Song focuses on the grain of cloth, its flexibility, and the expressive power of its physical presence. She continues to expand these qualities into the language of painting.
Conventional painting places an image on a smooth surface. Song rebuilds the surface itself. She brings textile texture onto the canvas and constructs the picture through layers. Feelings gathered from everyday life are reorganized through this process. The result is not simply a ground for color, but a surface that responds—like a body reacting to light and the viewer’s gaze.
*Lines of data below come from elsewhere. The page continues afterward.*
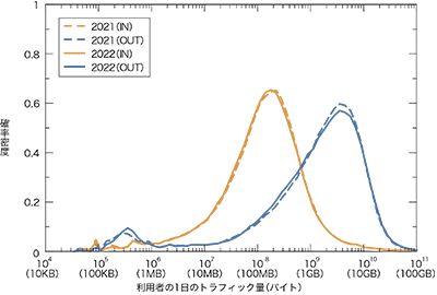 まず、図-3のブロードバンド(PPPoE)の分布を見ます。2021年と2022年を比較しても、INとOUT共に分布がほとんど変化していません。よく見ると、OUT側で僅かながら分布の山の部分が低くなっていて、その分、分布左側の中程が高くなっていることから、比較的利用量の少ないユーザの割合が若干増えたことが分かります。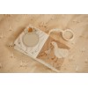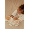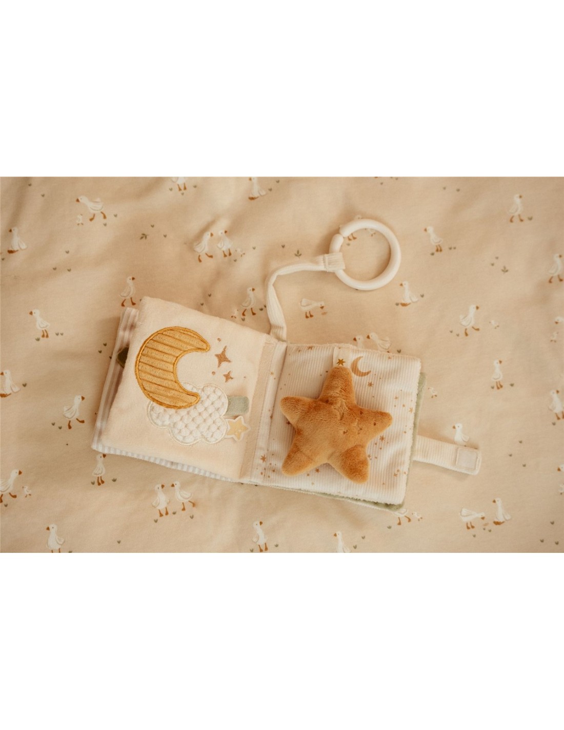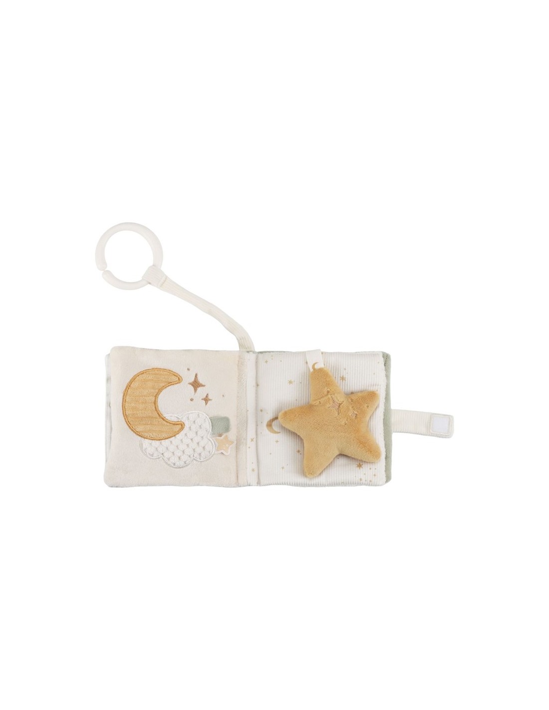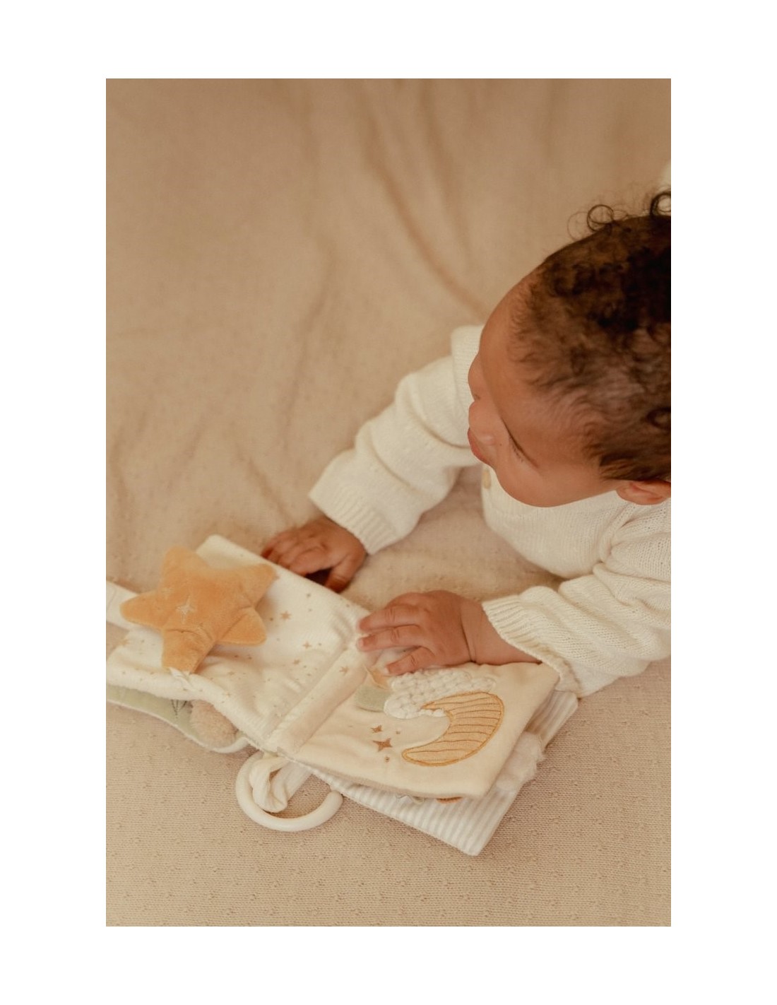 Con librito blando de actividades con anilla, ¡tu pequeño siempre tendrá algo que descubrir! Este suave librito está lleno de texturas divertidas, páginas crujientes y tiernas ilustraciones que estimulan los sentidos. Fácil de sujetar y de colocar en el cochecito, ¡para que la diversión llegue a todas partes! Hecho de materiales suaves, perfecto para las manitas de los pequeños. ¡Un primer librito ideal para hojear, sentir y maravillarse!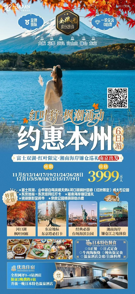 【约惠本州:日本富士双湖•红叶限定6日游】.行程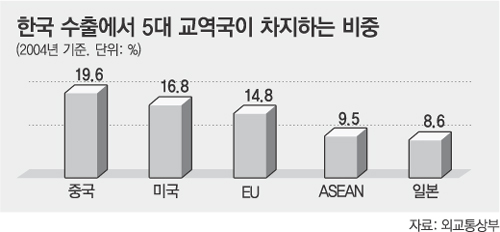 중국은 올해 7월 아세안과 FTA를 발효시켰다. 여기에 한중 FTA가 체결되면 한국 중국 아세안을 묶는 거대 경제권이 형성된다.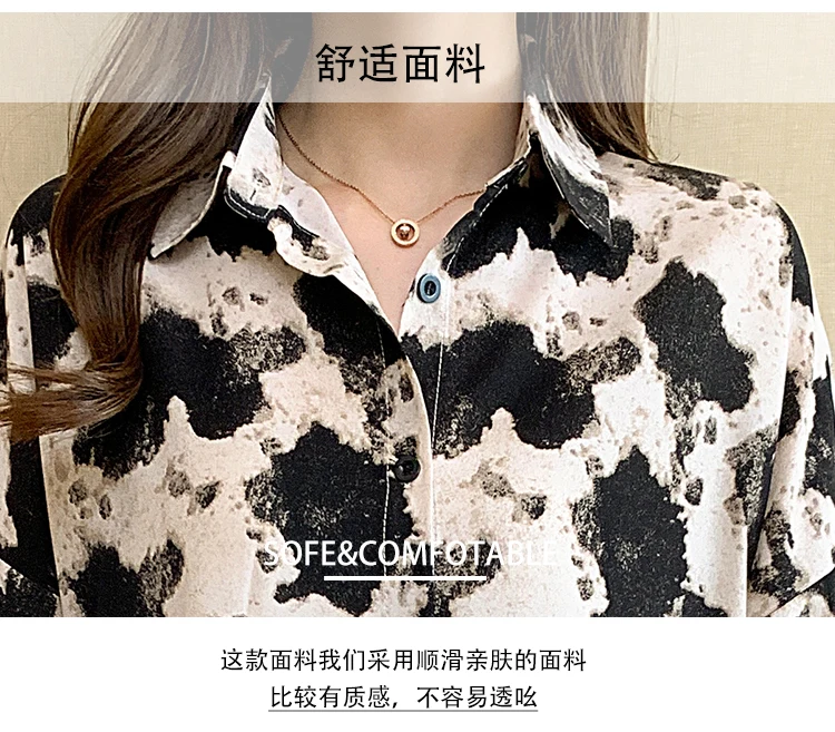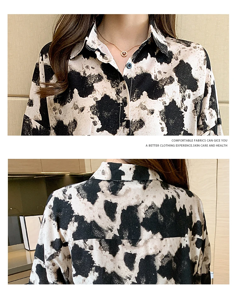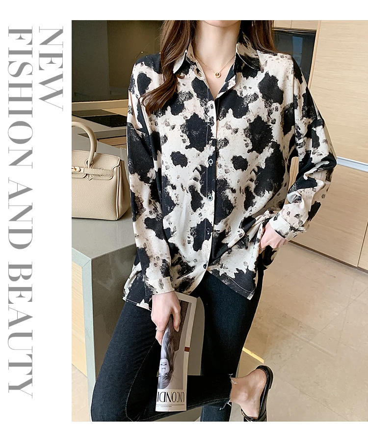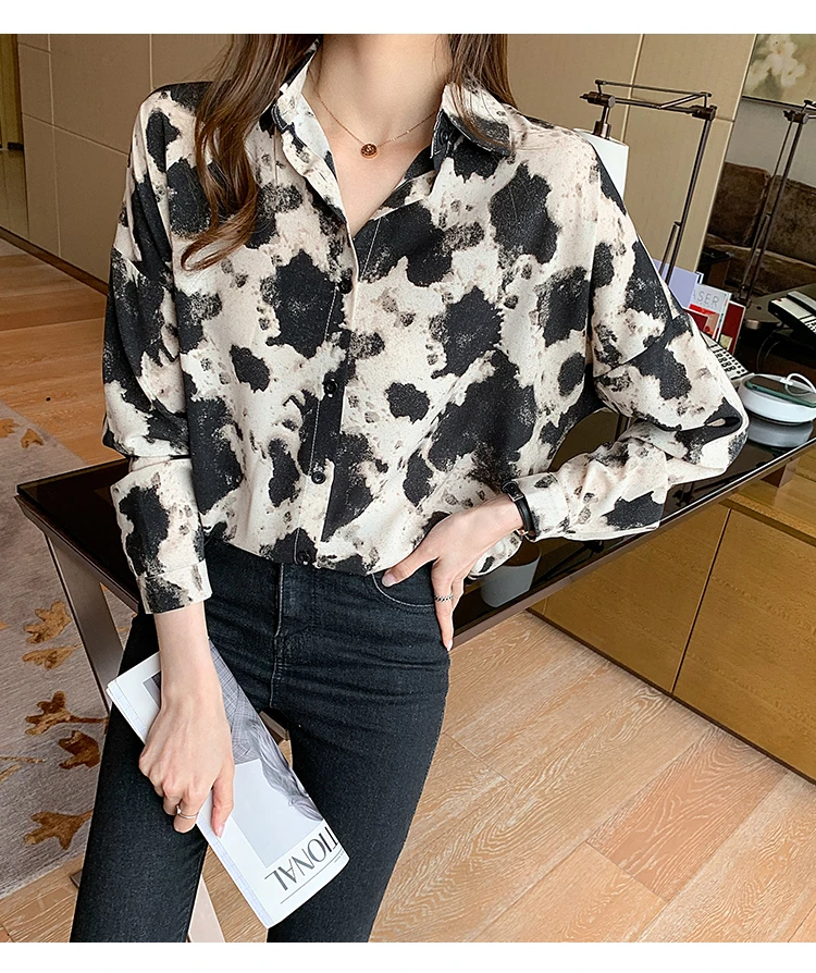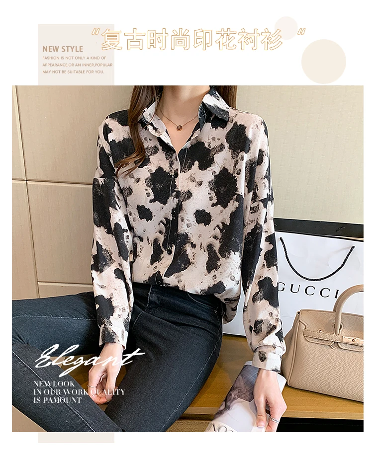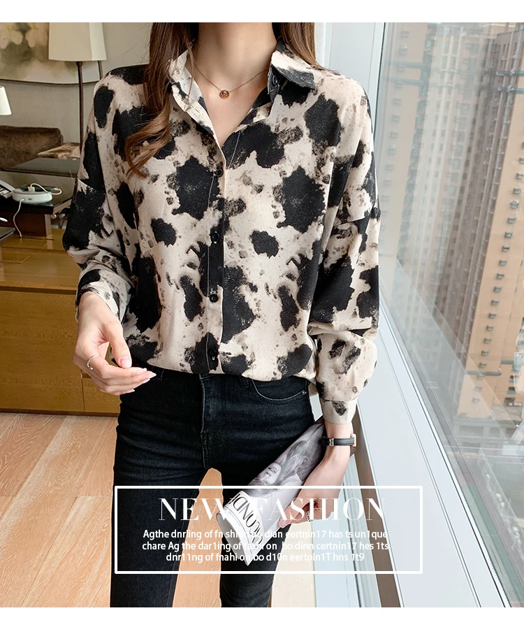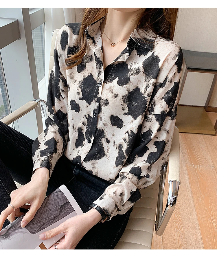 New 2021 Spring Long Sleeve Women's Shirt Fashion Casual Print Loose Chiffon Blouse Elegant Loose Office Lady Tops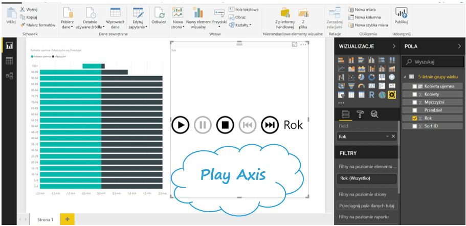 Jak pokazał Hans Rosling, którego film zawsze pokazuję na szkoleniach z Power BI i wizualizacji danych, nie zawsze statyczne dane najlepiej opowiedzą naszą historię. Czasem potrzebujemy ożywić swój obraz, żeby nadać dramaturgii naszym danym. W takich sytuacjach przyda się dobre narzędzie (takie jak Power BI) i oś odtwarzania, czyli niestandardowa wizualizacja Play Axis.
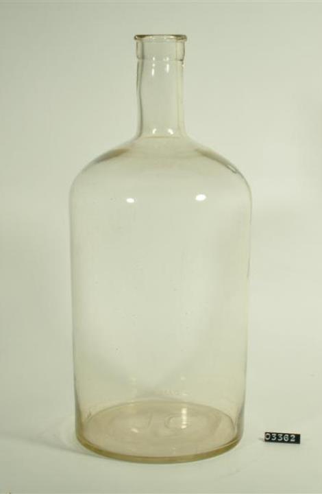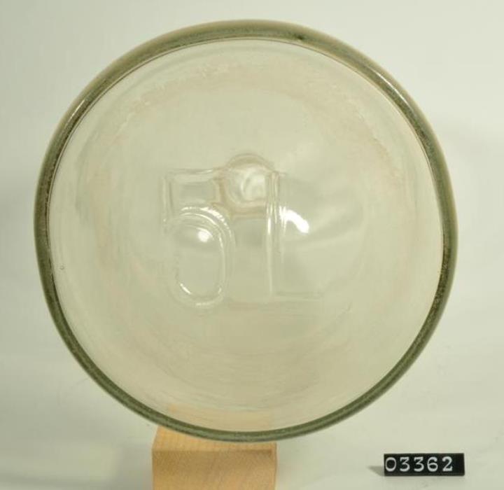Zylinderförmige, farblose Glasflasche. Manuell aufgesetzter langer, unregelmäßig geblasener Hals, Mündungsrand mit umgelegtem Glasfaden. Leicht hochgewölbter Boden mit Bodenprägung (5L), fast planer Standring.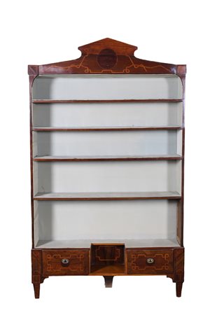 Lot 255 CURIOSA LIBRERIA A GIORNO in noce a cinque ripiani e due cassetti nella parte inferiore, intarsiata in bosso e varie essenze di legno Sicilia XVIII secolo h cm 180 x 106 x 21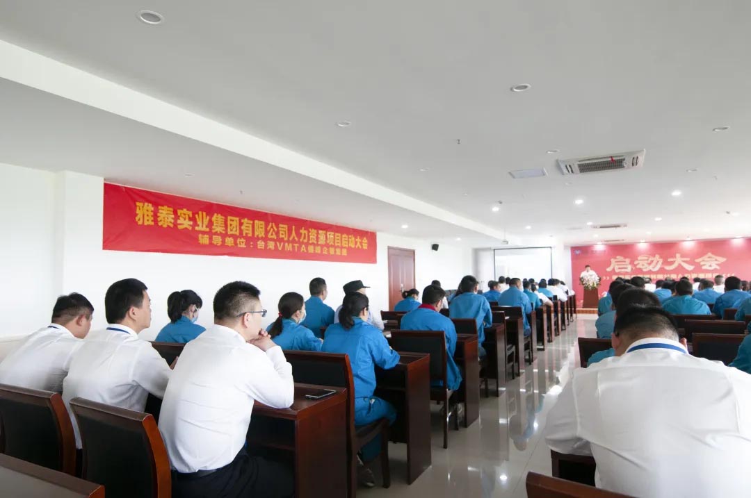 為提升企業(yè)整體管理水平,創(chuàng)造更為優(yōu)質(zhì)的人才環(huán)境,5月21日上午,集團特邀臺灣VMTA健峰企管集團導(dǎo)入人力資源輔導(dǎo)項目,在江蘇雅泰召開雅泰實業(yè)集團人力資源輔導(dǎo)項目啟動大會。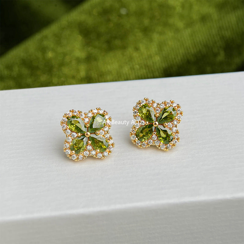 C관 - 925 은침 올리브 그린 큐빅 클로버 스터드 귀걸이 [6829] 25.10-1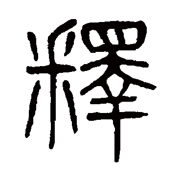 说文解字注(釋)解也。廣韵曰。捨也。解也。散也。消也。廢也。服也。按其實一解字足以包之。從釆。釆取其分別。从睪聲。考工記以澤爲釋。史記以醳爲釋。皆同聲假借也。古音在五部。音轉則廣韵在二十二昔、施隻切是也。徐鉉所引唐韵賞職切。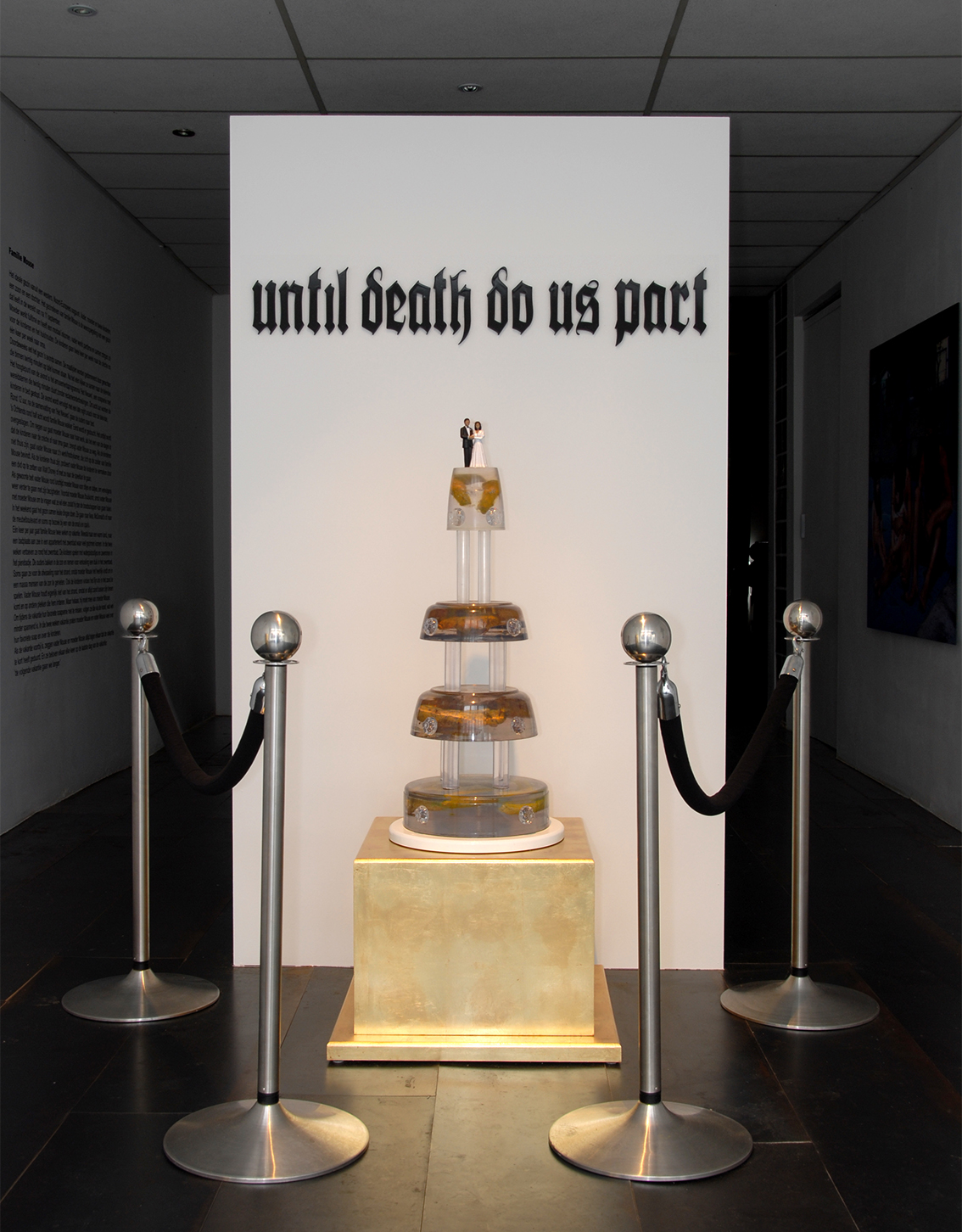 My work deals with the relationship between the consumption oriented infrastructures in modern western society and the human behaviour that these infrastructures produce. My work in itself is a product of this relationship. Especially the way in which private life becomes public and vice versa holds a central role in my work; which is the way in which modern media make intimacy the public’s entertainment and an obscene mirror of excess in consumption. By showing the excess of the excess in my work I force new relationships to become the products that we produce and the way in which we are a product of these products. Do we eventually -in an ultimate fest of western decadence- consume ourselves? Is this final deed of radical overconsumption a way of self-destruction or an excessive celebration in the immaculate space of hyper sensation that seems to have replaced our public space? What do words such as ‘intimacy’ still mean in this excess?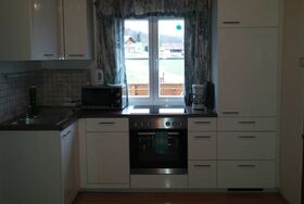 Diese große Ferienwohnung bietet eine voll ausgestattete Küche mit einem Geschirrspüler, Mikrowelle, 2 Schlafzimmer, zwei Duschen, WC sowie einen Balkon mit Bergblick. WLAN steht kostenfrei zur Verfügung.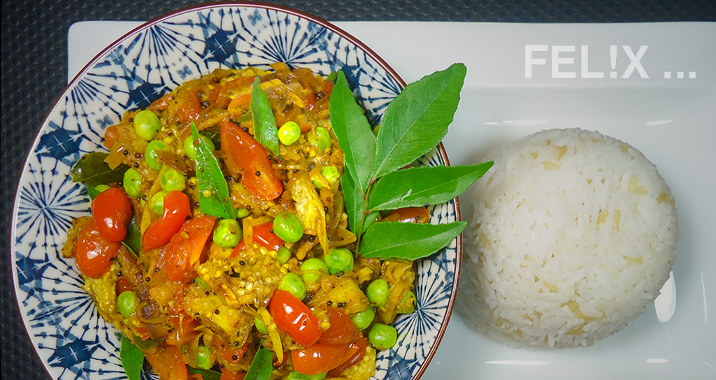 Tipp: wer keine frischen Curry-Blätter auftreiben kann – in indischen Geschäften mit Frisch-Gemüse – sollte sie einfach weglassen. Getrocknete Blätter sind kein guter Ersatz: sie haben leider praktisch kein Aroma.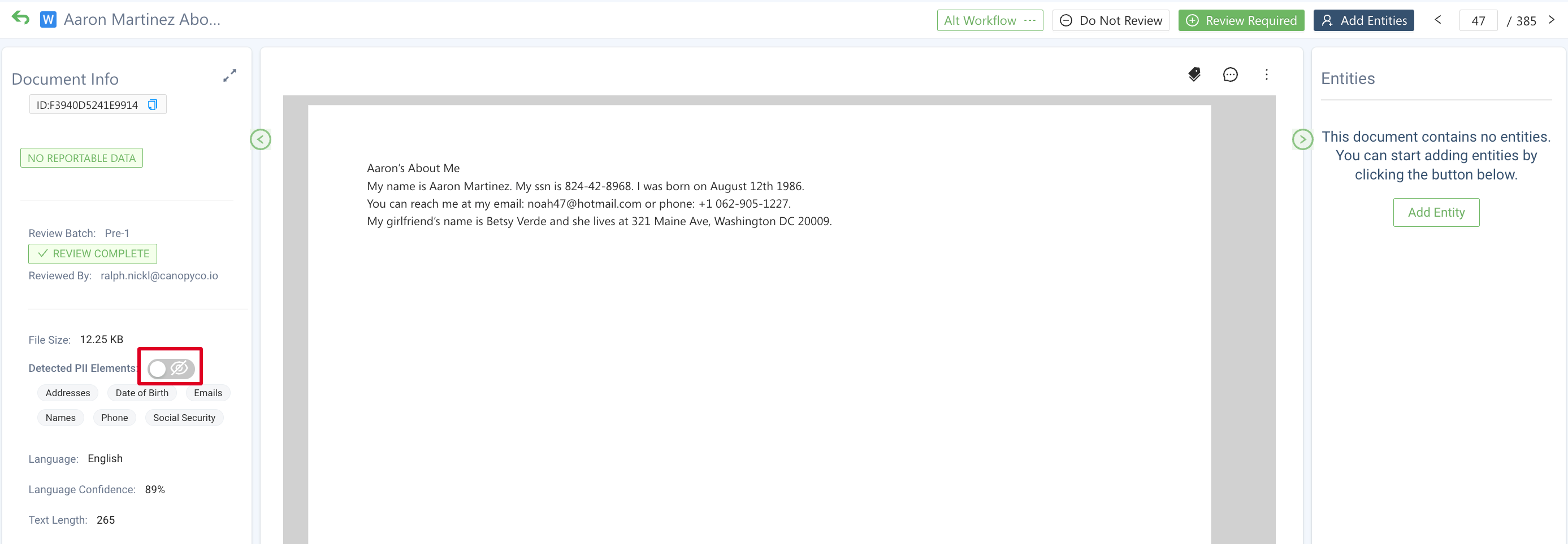 Turn off highlighting of Detected PII and Custom Elements on a page-by-page basis.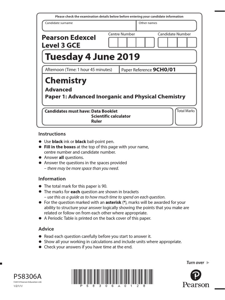 Tuesday 4 June 2019 Chemistry Sodium Hydroxide Chlorine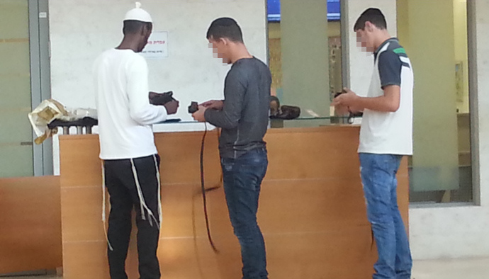 מיסיונר יהודי הפועל ללא כל הגבלה באולם הכניסה לבית משפט השלום בפתח תקוה.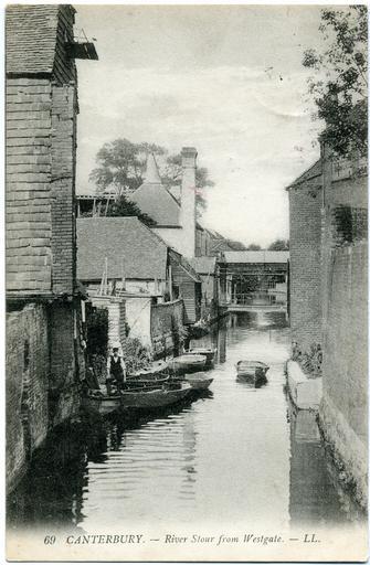 | Keywords: West Gate Towers 008.jpg Postcard of view north along River Stour from Westgate Canterbury Kent England postmarked 1908 There was a military museum inside the Westgate from 1908 My own scan of actual postcard 1908 Anon PD-old-70-1923 Canterbury West Gate River Stour Kent |

“Canvas Dressing”: a way of clothing the canvas
Song calls her method “Canvas Dressing”. As in making a garment, the act of “dressing” comes first. What matters here is not a decorative mix of media, but structure. Layers of fabric and the direction of its grain become the core of the work.
The texture formed by wrapping and overlaying cotton cloth can’t be replaced by brushwork. Song keeps that difference intact. This is not a forced gesture to escape flatness. It’s a decision to bring the properties of fiber directly into painting—and let the surface lead.

The Life series: weaving, tying, and painting again
In the Life series, Song begins by constructing the support itself. She first paints cotton cloth cut at regular intervals. Then she reweaves it through weaving and tying, building a new structure before adding paint again and again.
Through this process, subtle rises and falls appear across the surface. Small gaps remain, too. This is why the work feels tactile even as a painting.
When the direction of light shifts, the surface changes with it. Color and shadow vary depending on the viewing angle—an effect that emerges naturally from the woven structure. The flexibility of fiber is also used to bring lines into relief. Rhythm appears. So does a sense of movement held within the surface.

Like warp and weft: where relationships and feelings intersect
Song connects the structure of weaving to the feeling of living. Just as warp and weft cross to form cloth, our days continue through overlapping emotions and events. Knots formed in the process can bring relationships to mind—ways the inner world and the outside world touch.
Color starts from lived experience: the hues of Jeju’s sea, a red glow on an evening walk, a deep dawn sky stitched with stars, even a rainbow that lingers briefly after rain. Song re-forms these memories into color. Then she accumulates them through repeated weaving and painting.
Her work doesn’t close into a single interpretation. Instead, it stays open—so the viewer’s own memories and emotions can overlap with the surface and begin another story.